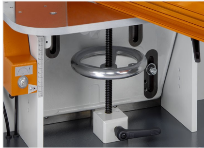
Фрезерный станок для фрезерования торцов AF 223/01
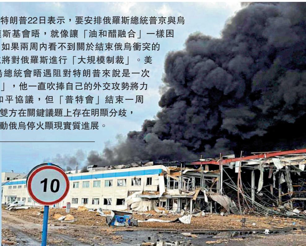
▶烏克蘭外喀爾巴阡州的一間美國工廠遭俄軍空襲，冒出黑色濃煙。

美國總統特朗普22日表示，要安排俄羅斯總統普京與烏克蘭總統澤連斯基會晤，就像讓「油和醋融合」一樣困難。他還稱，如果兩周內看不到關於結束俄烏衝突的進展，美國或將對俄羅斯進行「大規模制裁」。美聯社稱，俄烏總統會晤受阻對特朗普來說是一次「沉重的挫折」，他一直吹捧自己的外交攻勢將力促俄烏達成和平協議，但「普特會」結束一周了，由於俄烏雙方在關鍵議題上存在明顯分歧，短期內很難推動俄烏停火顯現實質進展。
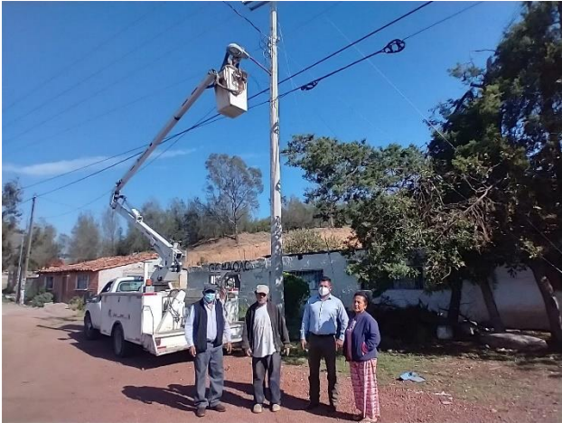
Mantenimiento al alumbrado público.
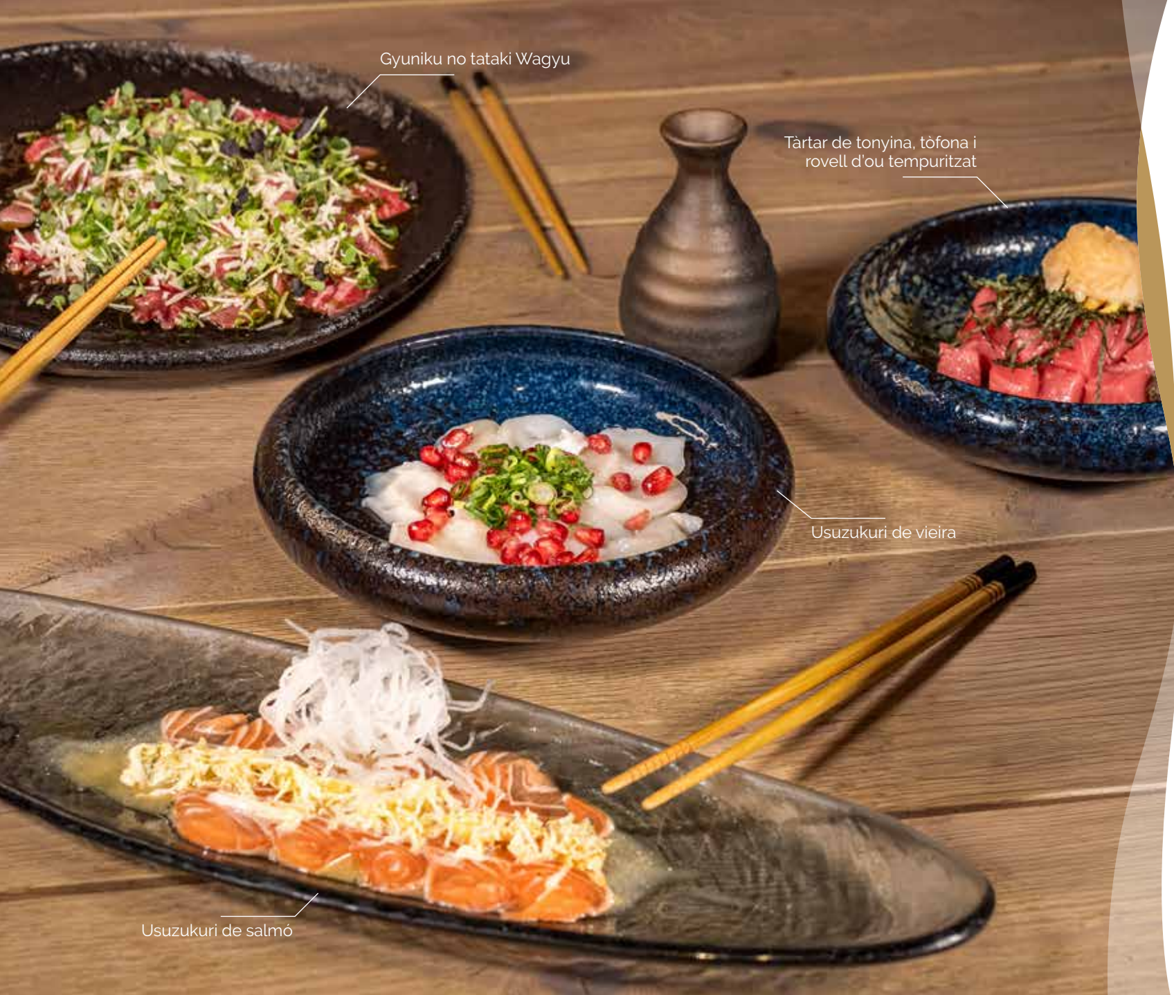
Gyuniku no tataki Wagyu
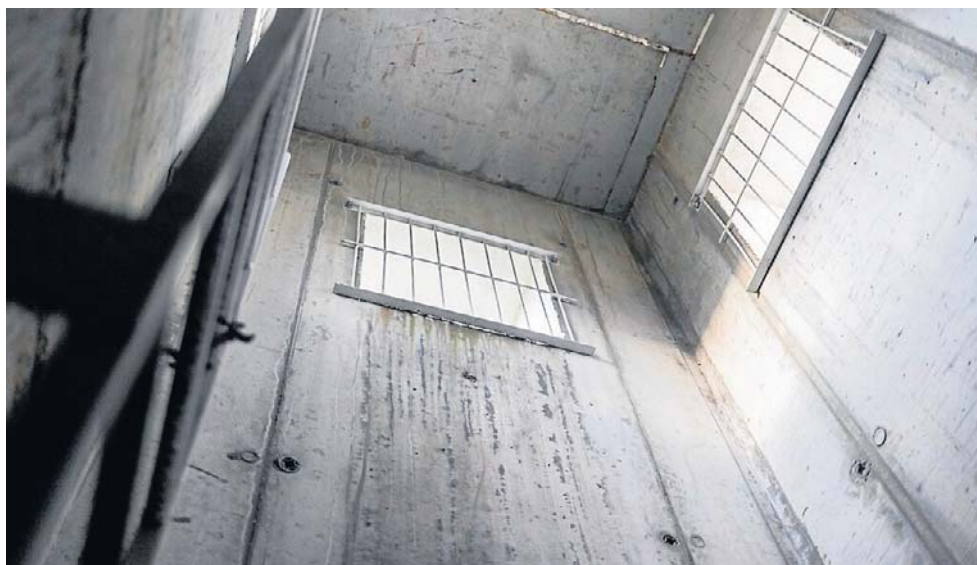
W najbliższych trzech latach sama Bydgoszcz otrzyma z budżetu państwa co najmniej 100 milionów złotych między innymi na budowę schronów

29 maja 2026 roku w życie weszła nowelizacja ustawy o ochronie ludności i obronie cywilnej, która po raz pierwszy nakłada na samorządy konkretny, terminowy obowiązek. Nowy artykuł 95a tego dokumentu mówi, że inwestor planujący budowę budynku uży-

——————————

_WORK INSTRUCTION_: Using the listing, collect all lines in which the string "budowę" is found.

_ANSWER SECTION_:
W najbliższych trzech latach sama Bydgoszcz otrzyma z budżetu państwa co najmniej 100 milionów złotych między innymi na budowę schronów
29 maja 2026 roku w życie weszła nowelizacja ustawy o ochronie ludności i obronie cywilnej, która po raz pierwszy nakłada na samorządy konkretny, terminowy obowiązek. Nowy artykuł 95a tego dokumentu mówi, że inwestor planujący budowę budynku uży-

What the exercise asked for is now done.